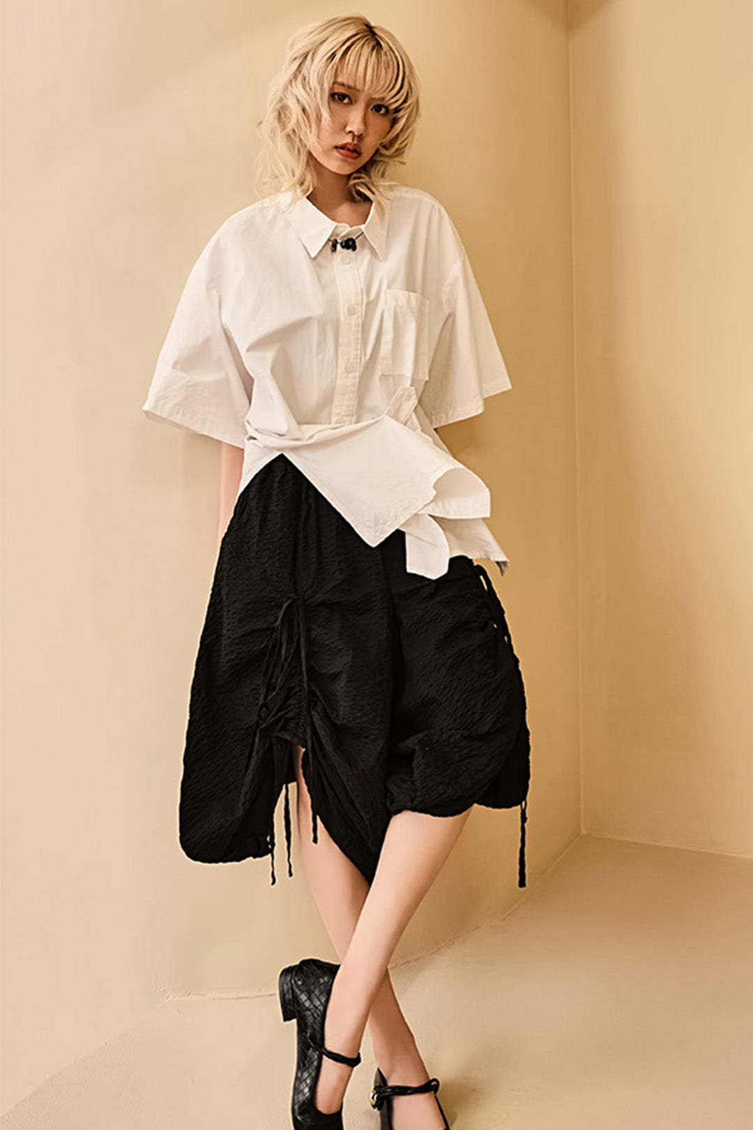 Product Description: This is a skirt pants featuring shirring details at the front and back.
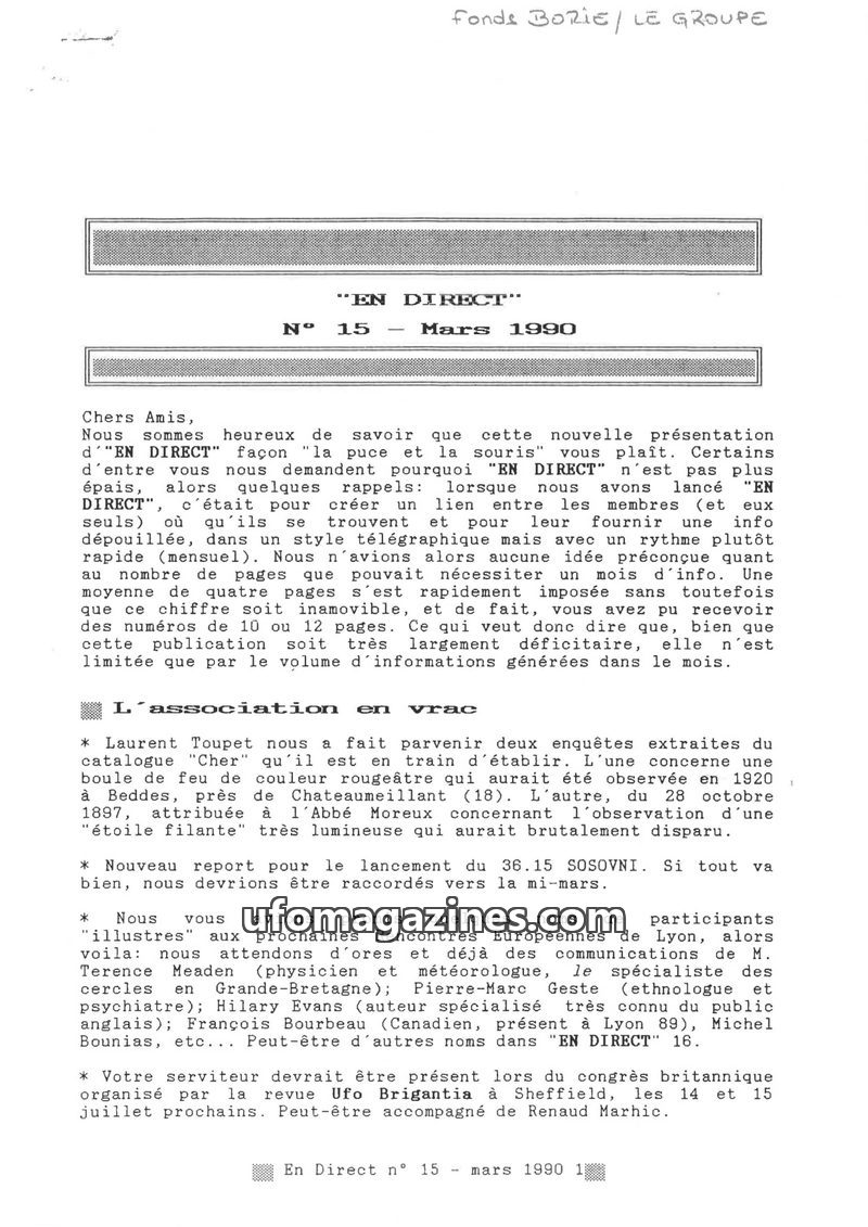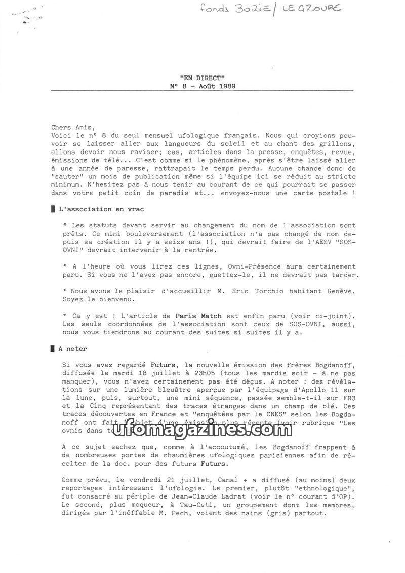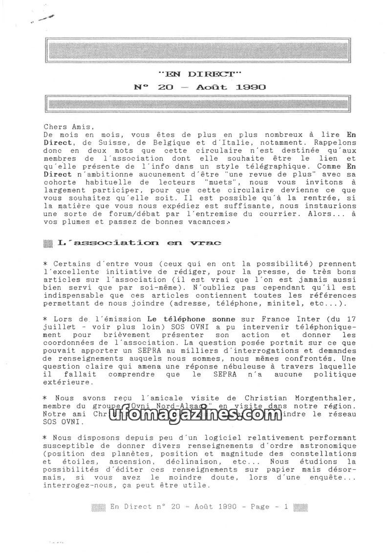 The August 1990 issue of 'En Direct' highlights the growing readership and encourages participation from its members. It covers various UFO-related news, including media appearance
------
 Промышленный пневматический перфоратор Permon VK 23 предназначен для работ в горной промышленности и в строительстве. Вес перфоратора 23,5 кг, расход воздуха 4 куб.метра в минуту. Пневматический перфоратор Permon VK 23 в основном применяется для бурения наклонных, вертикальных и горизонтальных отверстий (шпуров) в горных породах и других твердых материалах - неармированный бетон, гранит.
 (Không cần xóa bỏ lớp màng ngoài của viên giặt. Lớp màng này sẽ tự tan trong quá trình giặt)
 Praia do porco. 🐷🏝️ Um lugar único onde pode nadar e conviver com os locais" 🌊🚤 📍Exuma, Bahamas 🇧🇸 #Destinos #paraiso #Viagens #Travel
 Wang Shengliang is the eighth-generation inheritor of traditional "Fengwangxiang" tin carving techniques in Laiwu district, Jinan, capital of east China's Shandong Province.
------
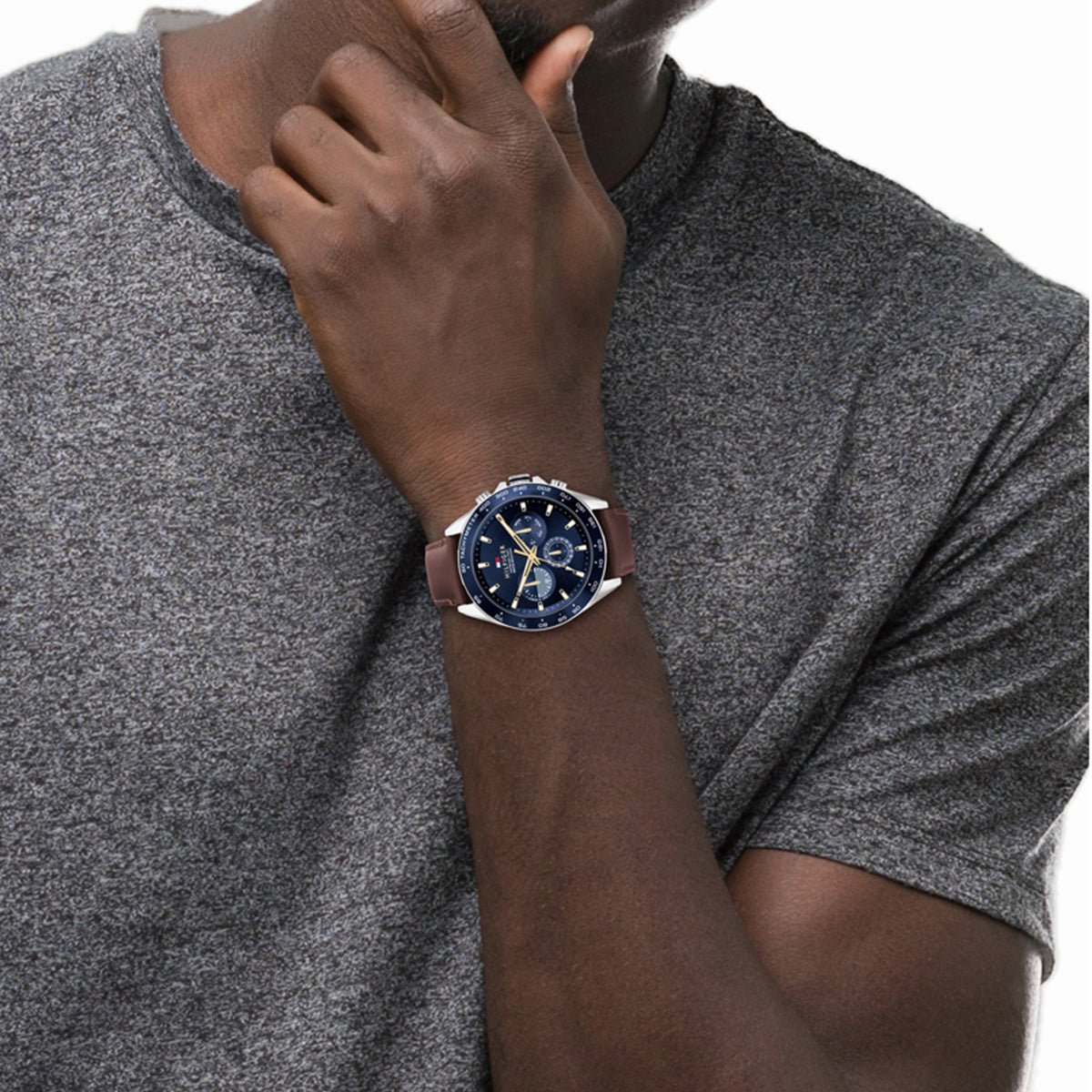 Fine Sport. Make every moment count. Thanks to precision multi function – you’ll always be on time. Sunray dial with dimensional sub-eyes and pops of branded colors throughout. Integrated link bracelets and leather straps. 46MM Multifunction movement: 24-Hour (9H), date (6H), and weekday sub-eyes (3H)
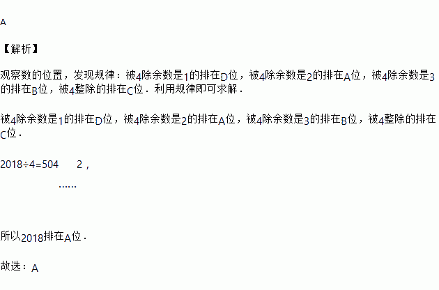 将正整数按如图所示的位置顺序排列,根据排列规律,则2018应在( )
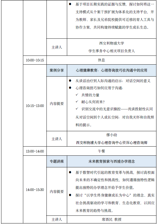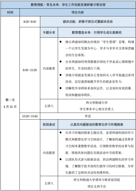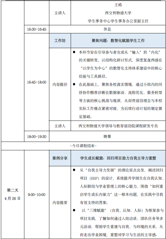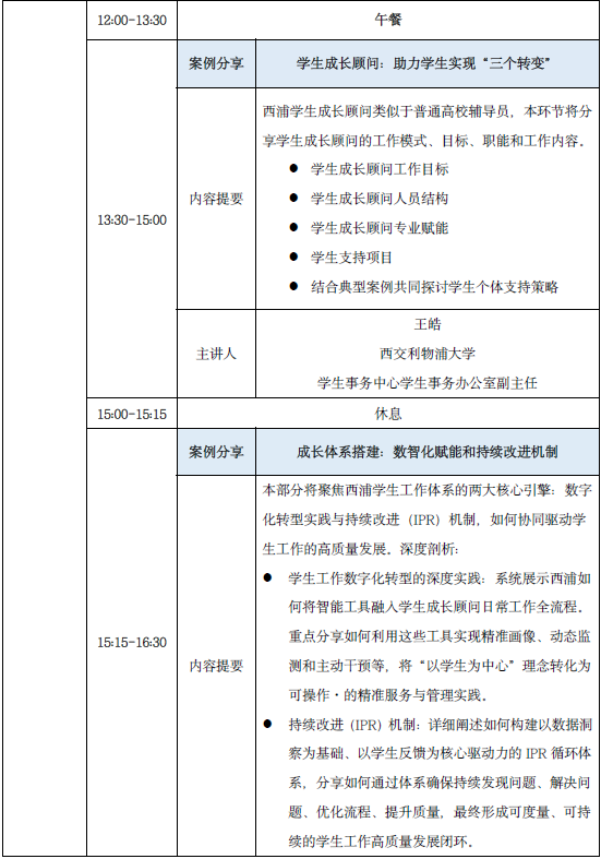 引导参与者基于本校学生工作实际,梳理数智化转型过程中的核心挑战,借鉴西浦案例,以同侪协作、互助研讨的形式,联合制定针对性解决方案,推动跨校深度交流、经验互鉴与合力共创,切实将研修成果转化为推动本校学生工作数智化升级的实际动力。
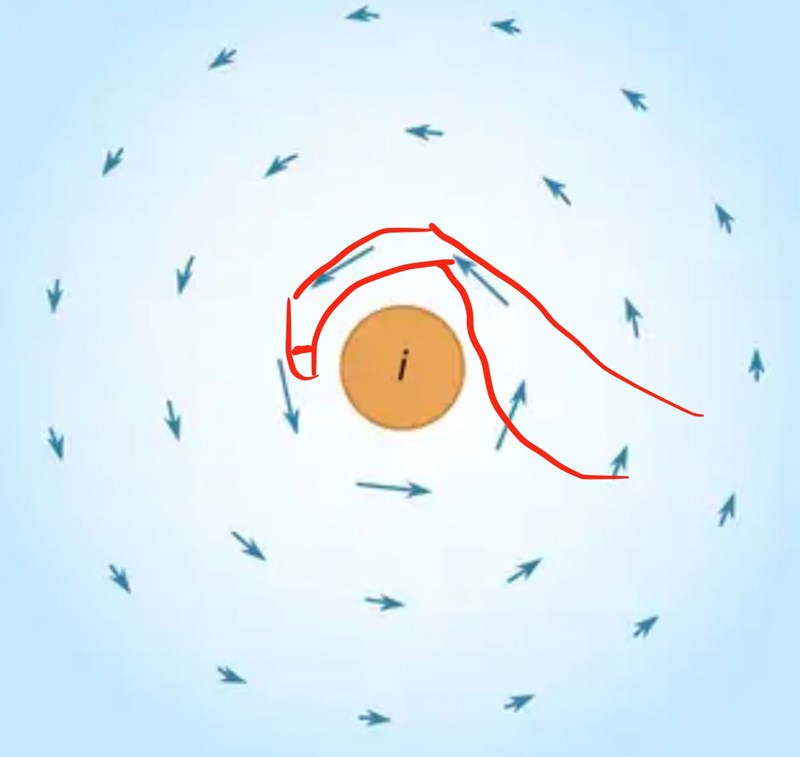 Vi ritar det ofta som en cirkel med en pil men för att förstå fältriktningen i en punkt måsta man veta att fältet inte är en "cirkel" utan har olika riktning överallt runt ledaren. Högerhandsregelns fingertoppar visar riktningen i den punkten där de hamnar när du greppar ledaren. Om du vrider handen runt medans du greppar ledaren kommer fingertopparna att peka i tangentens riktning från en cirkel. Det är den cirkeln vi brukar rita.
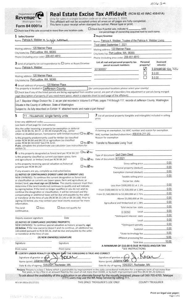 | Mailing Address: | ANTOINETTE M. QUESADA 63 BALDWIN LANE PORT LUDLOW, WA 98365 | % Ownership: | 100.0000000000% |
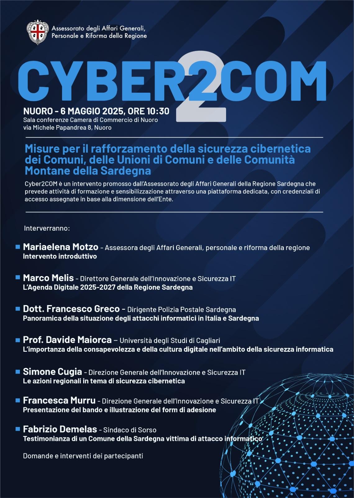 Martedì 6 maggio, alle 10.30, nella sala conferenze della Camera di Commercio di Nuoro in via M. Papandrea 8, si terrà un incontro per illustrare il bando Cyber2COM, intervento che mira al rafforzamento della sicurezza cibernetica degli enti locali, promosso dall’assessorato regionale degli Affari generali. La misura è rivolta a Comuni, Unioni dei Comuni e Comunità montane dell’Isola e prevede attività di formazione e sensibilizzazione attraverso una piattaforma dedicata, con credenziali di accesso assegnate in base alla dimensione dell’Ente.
------
What to do
Only the lines above from the one with "Product Description: This" to the one with "The August 1990" should be printed, both included and exactly as written; no picture belongs in the copy.

Solution to this exercise
 Product Description: This is a skirt pants featuring shirring details at the front and back.
 The August 1990 issue of 'En Direct' highlights the growing readership and encourages participation from its members. It covers various UFO-related news, including media appearance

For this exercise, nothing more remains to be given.